— Она-то и есть та самая очевидность?
— Подумай сам, — сказал Тавернер. — Сейчас ей всего тридцать четыре года — а это опасный возраст. В доме же служит один молодой человек, учитель внуков Леонидиса. На войну его не взяли: то ли сердце не в порядке, то ли еще что-то. Этих двоих водой не разольешь.
Я задумчиво смотрел на Тавернера. Конечно, здесь вырисовывается хорошо знакомая картина. Вторая миссис Леонидис, по словам отца, весьма приличная дама. Во имя соблюдения приличий совершалось очень много убийств.
— И что же это было? — спросил я. — Мышьяк?
— Нет. Мы еще не получили медицинского заключения, но доктор считает — это эзерин.
— Несколько необычно, не правда ли? Вероятно, покупателя препарата будет легко проследить?
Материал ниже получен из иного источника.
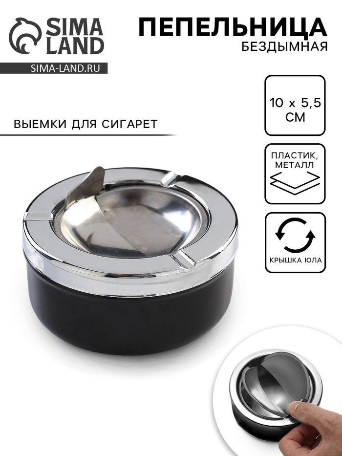 Производитель: Сима-ленд; Габариты: 11,5 x 11,5 x 6; Страна: Китай; В боксе: 100 шт; Состав: Металл, пластик; Материалы: металл, пластик; Фасовка: по 1 шт; Индивидуальная упаковка: Картонная коробка; Габариты товара: 10,5 см × 10,5 см × 5 см; Сертификат: Не подлежит сертификации; Цвет: Чёрный; Тематика: Однотонная; Материал: Металл, Пластик; Фиксированная цена: Да Пепельница — это не только важный с практической точки зрения атрибут курящего человека, но ещё и модный аксессуар. Кроме того, она нередко становится одним из декоративных элементов интерьера. Пепельница порадует своего обладателя оригинальным дизайном, качественным материалом, детализированным исполнением.

— Только не в этом случае. Видишь ли, эзерин принадлежал самому старику. Глазные капли. У Леонидиса был диабет, — сказал отец. — Ему регулярно делали инъекции инсулина. Инсулин выпускается в маленьких пузырьках с резиновыми пробками. Пробка протыкается иглой для подкожных впрыскиваний, и лекарство втягивается в шприц.
Я попытался продолжить сам:
— А в бутылочке оказался не инсулин, а эзерин?
— Совершенно верно.
— И кто же делал старику инъекцию?
— Его жена.
Теперь я понял, что имела в виду София, говоря о «надлежащем» человеке.
— Семья Леонидисов находится в хороших отношениях со второй миссис Леонидис?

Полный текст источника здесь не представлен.